▶ _YOUR GOAL_
Please output only the lines running from the one that contains "This idea just" through the last line of the data below, exactly as they stand, with no pictures.

★ ★ ★ ★ ★

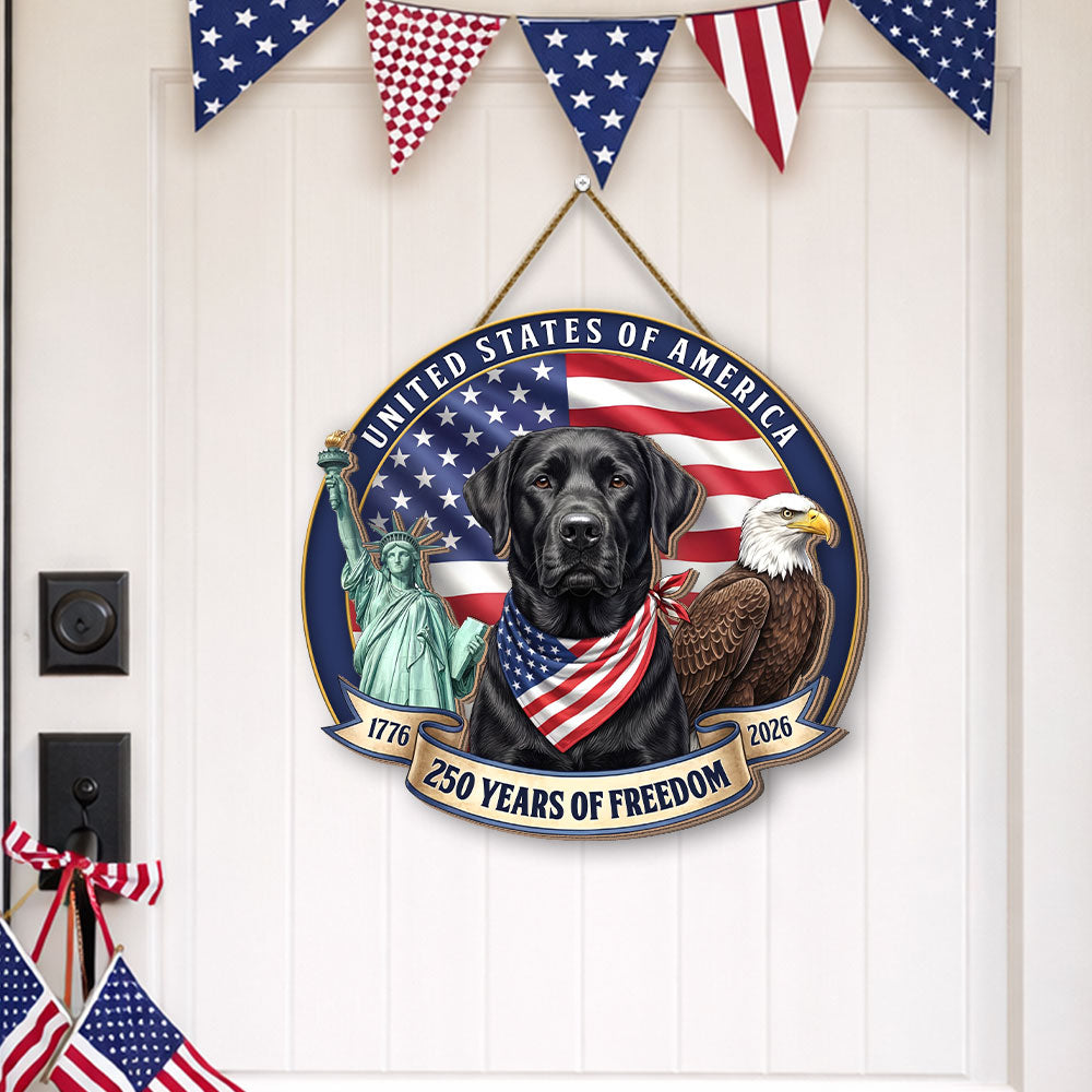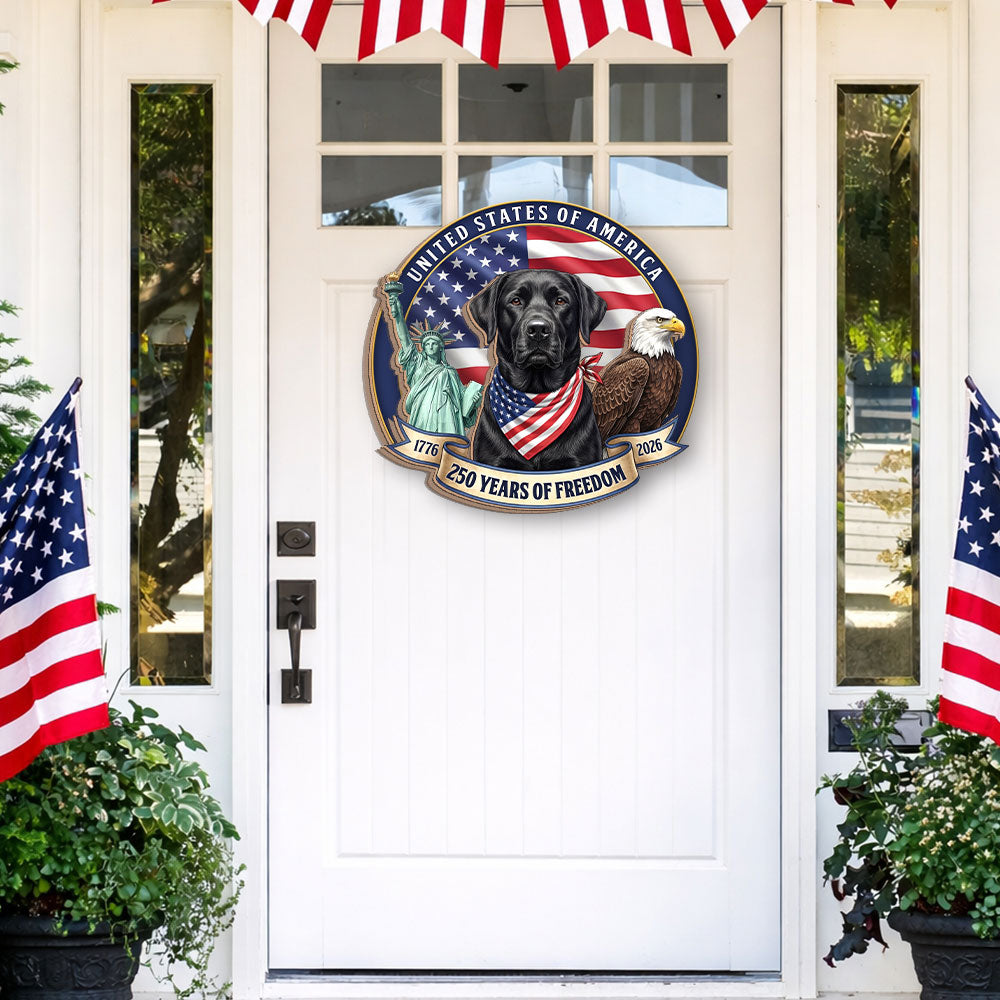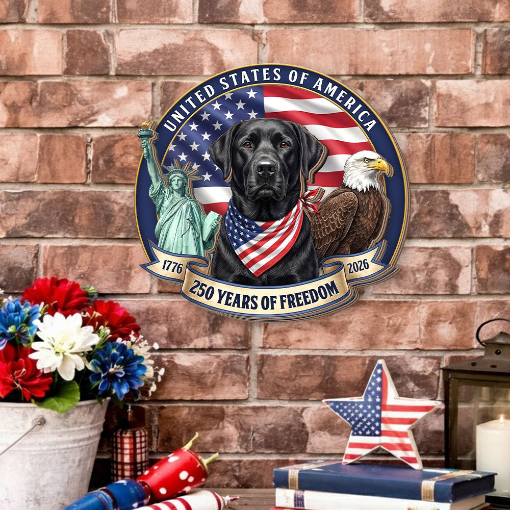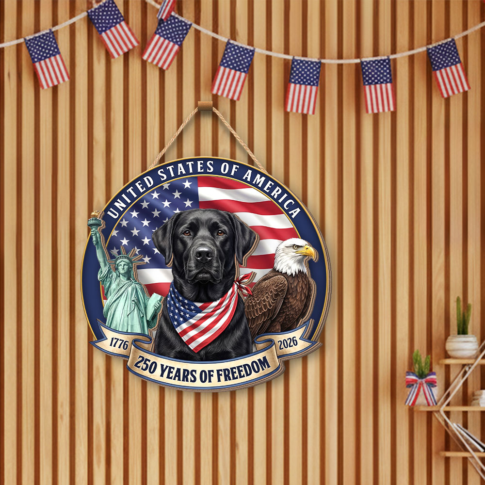 Patriotic Labrador Retriever Hanging Sign, 250 Years Wooden Decor for Dog Lovers
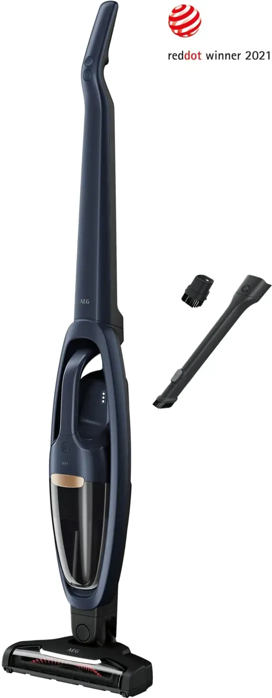 Auf Lager Versand durch AmazonAEG 2in1 Akku Staubsauger, schlanke Bauform, Multi-Bodendüse, PetPro-Elektrosaugbürste, Tiefenreinigung, bis zu 50 min Laufzeit, 21,6 Volt, inkl. Zubehör, freistehend, Hygienefilter, blau, QX7-1-I360
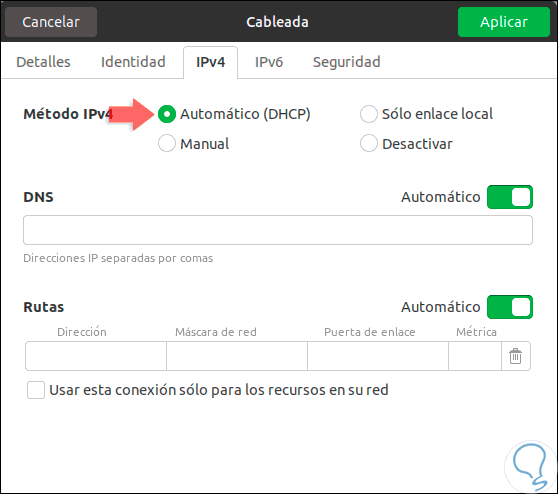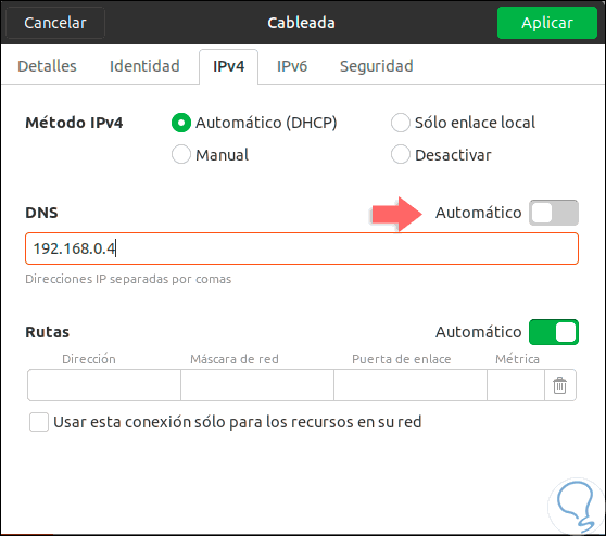 Como podemos observar, el método por defecto es “Automático (DHCP)”, es decir, la dirección del servidor DNS está siendo tomada directamente por la configuración del ISP, para cambiar el DNS de Ubuntu debemos pulsar en el interruptor “Automático” en la sección DNS y allí ingresar la dirección deseada:
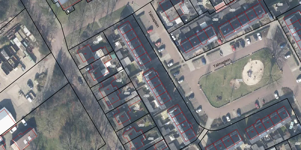 Talmaplein 12 is gelegen op kadastraal perceel LSR00K4213. Deze kadastrale aanduiding is uniek en wordt gebruikt door het Kadaster om eigendomsrechten en andere zakelijke rechten vast te leggen. Het perceel maakt onderdeel uit van de kadastrale gemeente Losser.
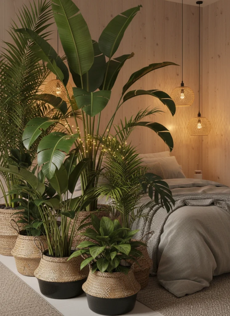 A cluster of tall plants makes a beautiful living privacy screen that doubles as décor. Place them in staggered heights along the edge of your sleep space to create a soft, organic boundary. Choose plants with full, broad leaves to maximize privacy—like palms or monsteras. Paired with woven baskets and warm lighting, your bed nook becomes a refreshing indoor oasis.
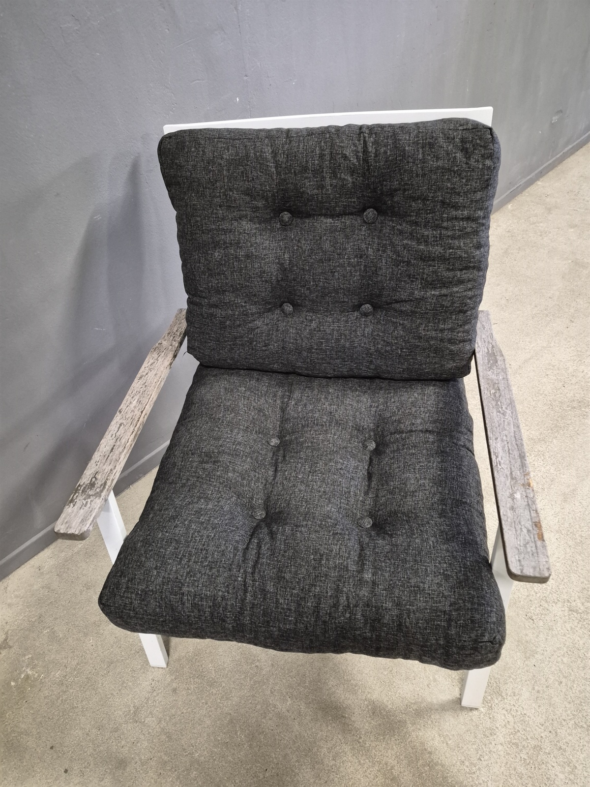Fåtölj metall/trä med dynor, höjd 96 cm karmar väderbitna
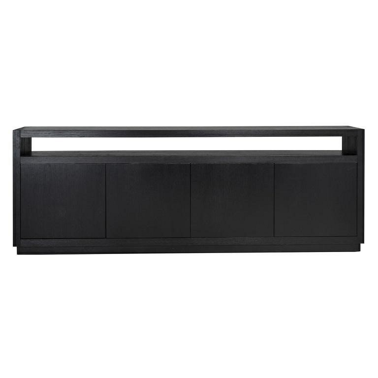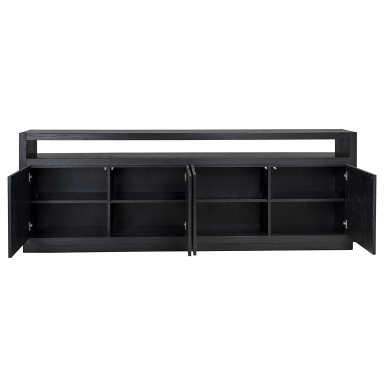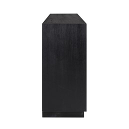 Oakura to szykowna kolekcja, wykonana z forniru dębowego barwionego na czarno, który ma piękną widoczną strukturę drewna. Ta minimalistyczna komoda ma chłodny, a zarazem szykowny charakter, który pasuje do prostych linii i pastelowych kolorów nowoczesnego wystroju. Czarna kolorystyka zapewnia kontrast w jaśniejszych pomieszczeniach oraz dobrze komponuje się z ciemniejszymi meblami. Komoda Oakura posiada 4 drzwi, za którymi kryje się 8 praktycznych półek, zapewniając przy tym mnóstwo miejsca do przechowywania.
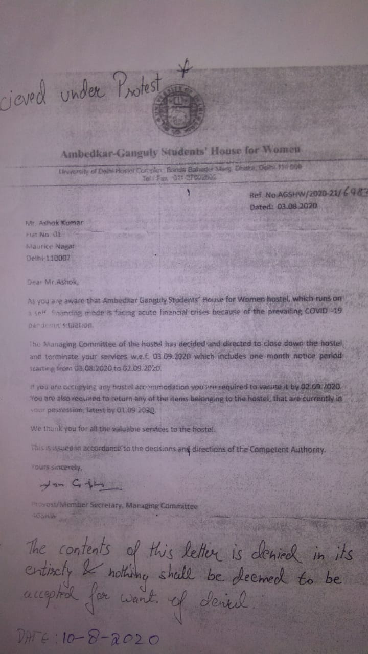 On August 3, 16 workers at Delhi University's Ambedkar Ganguly Students House for Women, received a notice which informed them that they had been fired. The workers who were let go were also asked to evacuate their university-allotted quarters by September 3.
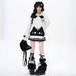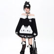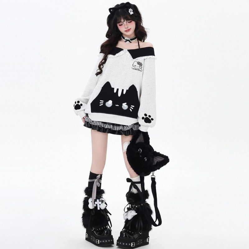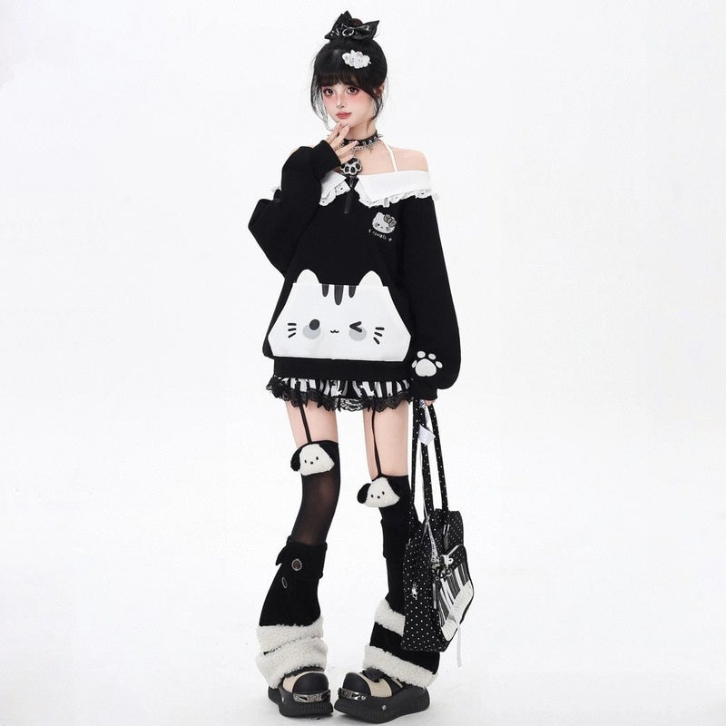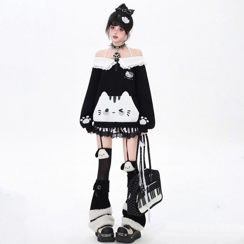 Cartoon Cat Halter Neck Sweatshirt — sweet girl style with lace edge and heart design. Loose, versatile, S-L. Choose black or light gray!
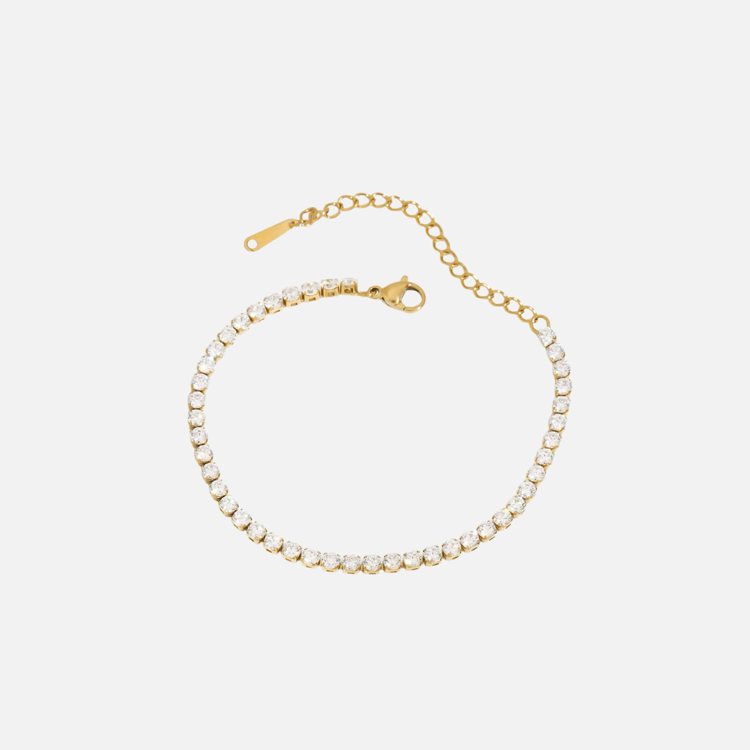 Timeless and refined, this classic tennis bracelet is lined with sparkling cubic zirconia that catch the light from every angle. A must-have piece that pairs effortlessly with any look, from everyday elegance to evening glamour
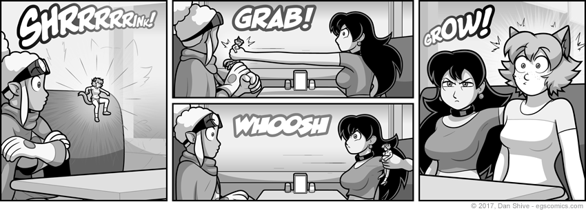 This idea just sort of popped into my head while thinking about how I'd rather Catalina and Rhoda be on the same side of the booth. I couldn't tell you exactly how Rhoda managed to shrink Catalina in a way in which Catalina wound up mid-air and not on the seat of the booth, but so long as we're breaking every known physical law in the universe, why not?
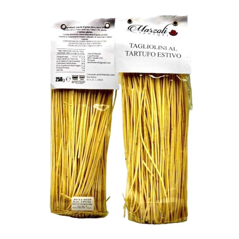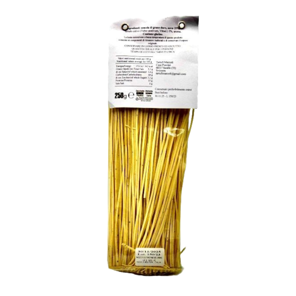 Ingredients: Durum wheat semolina, eggs 10%, summer truffle (Tuber aestivum Vitt.) 2%, water.
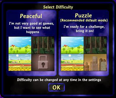 The old difficulty Popup was pretty decent and satisfactory. However, there was no warning that indicated that playing the game on Peaceful would lock certain levels out, so I added a hint of that to the screen where you select difficulty for the first time.
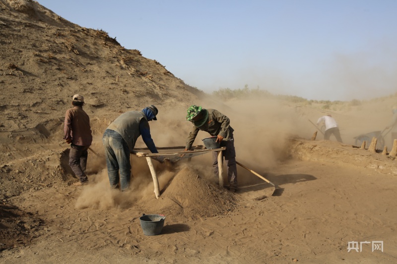 正在对挖掘现场一遍一遍地过筛子(央广网发 受访者 供图)
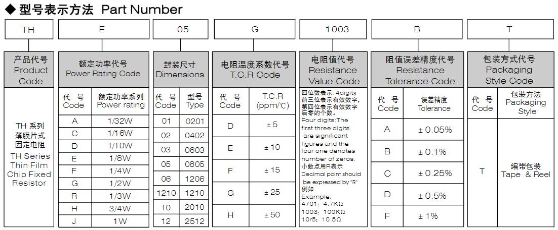 風華高科高穩定性薄膜片式固定電阻器 - TH 系列型號命名規則:
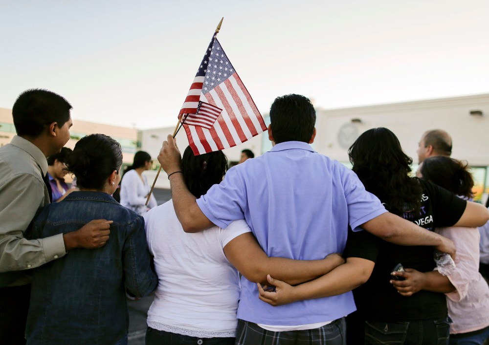 People gather for a photo outside the Immigration and Customs Enforcement offices during an immigration vigil, on April 10, 2013, in Las Vegas.AP

★ ★ ★ ★ ★

▶ _YOUR SOLUTION_
 This idea just sort of popped into my head while thinking about how I'd rather Catalina and Rhoda be on the same side of the booth. I couldn't tell you exactly how Rhoda managed to shrink Catalina in a way in which Catalina wound up mid-air and not on the seat of the booth, but so long as we're breaking every known physical law in the universe, why not?
 Ingredients: Durum wheat semolina, eggs 10%, summer truffle (Tuber aestivum Vitt.) 2%, water.
 The old difficulty Popup was pretty decent and satisfactory. However, there was no warning that indicated that playing the game on Peaceful would lock certain levels out, so I added a hint of that to the screen where you select difficulty for the first time.
 正在对挖掘现场一遍一遍地过筛子(央广网发 受访者 供图)
 風華高科高穩定性薄膜片式固定電阻器 - TH 系列型號命名規則:
 People gather for a photo outside the Immigration and Customs Enforcement offices during an immigration vigil, on April 10, 2013, in Las Vegas.AP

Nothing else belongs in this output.